Amber’s hands have closed around mine, massaging the bases of my palms, and it’s something of a struggle to get any words out. “Not really,” I manage to say. “But is it necessary?”

“No, it is not.” Sara’s voice is unexpectedly firm. “I am confident in my understanding of our plan for the final round of this tournament, and I endorse it.
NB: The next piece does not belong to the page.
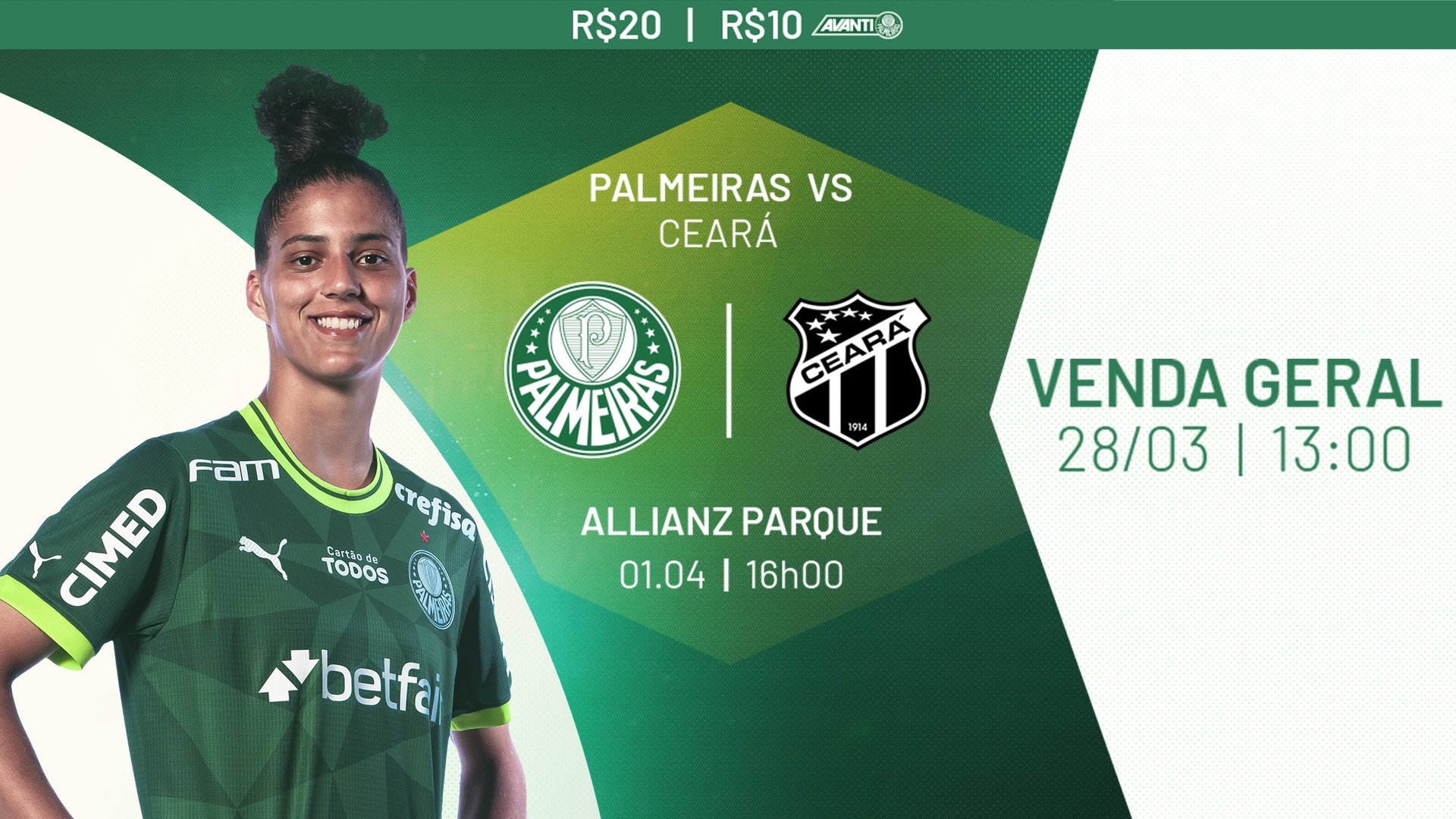 Os ingressos para a partida contra o Ceará, que acontece no próximo sábado (1º), às 16h, no Allianz Parque, pela sexta rodada do Brasileiro Feminino, já estão à venda para os sócios Avanti e torcedores comuns pelo site www.ingressospalmeiras.com.br.

Given that, there is no need to consider or analyze the other side of the bracket.”

I crack an eye open, half-rolling first one way, then the other. “Is it really that obvious?”

“It is to me!” Vonne grins at me.

“Ain’t any of my business, but…”

“Magelord, Adinah’s grace is lost upon you.”

I blink at that, and turn to look behind me meaningfully. “My lord, she says you are not meant for subtlety.” As she answers my unspoken question, Amber’s grin turns impish without changing in the slightest, which is a pretty good trick. “Nor do I have it in myself to disagree. So! My lord shall rest, and those who wish to watch Flight and Order shall do so without him.”